In February 2016, West Virginia law makers decided that drug testing welfare applicants was a good idea. It passed in the legislature and was later approved by Governor Earl Ray Tomblin. Despite the constitutional questions that arise from the decision, it has become the law of the land. In a surprising counter to the law, a West Virginian state representative has introduced new legislation that would require lawmakers to be drug tested prior to the voting session.
House Delegate Shawn Fluharty sees the double standard enacted by the government of West Virginia. “I think the public expects us to adhere to the rules that we try to legislate. We have 134 people down here and we should be on their dime living within the standards that we implement. There’s no reason we shouldn’t do it.” Any resistance to the bill should be an obvious tell that someone in the West Virginia House of Representatives doesn’t feel they are confined by the same laws as the rest of us.
The question of drug testing welfare applicants was seemingly settled over 14 years ago in a Michigan court room. In 2003, a law requiring drug testing was shut down as unconstitutional. It has also been challenged in places like Florida and Wisconsin, where judges have repeatedly found in favor of plaintiffs who challenged the program. States continue, however, to challenge established case law and try again. Even Michigan gave the program a second chance by implementing a one year pilot program. After a year, they found no one had failed a single test.

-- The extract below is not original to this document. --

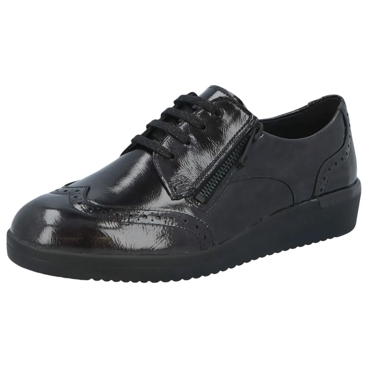 Design: Ritszakken aan de zijkant, Vetering met 4 gaten, Profielzolen, Versterkte hak; Type sluiting: Snoersluiting; Materiaal: Leer; Motief: Effen; Materiaal: Lak; Schoenneus: Ronde neus; Extra's: Stevige stof, Flexibele zool; Hakhoogte: Platte hak (0-3 cm)

Besides the constitutional issues, drug testing welfare recipients or applicants simply doesn’t work. “According to state data gathered by Think Progress, the seven states with existing programs — Arizona, Kansas, Mississippi, Missouri, Oklahoma, Tennessee, and Utah — are spending hundreds of thousands of dollars to ferret out very few drug users. The statistics show that applicants actually test positive at a lower rate than the drug use of the general population,” a report from Think Progress stated.
The ACLU has been leading the fight against the practice and have brought cases in 13 states. According to the ACLU, forcing someone to take a drug test before receiving benefits violates their right to unlawful search and seizure. This is the argument which will most likely be put forth by the West Virginia law makers when the time comes for them to take their test. As currently written, any lawmaker who fails a drug test would be unable to vote in that session and would lose their pay.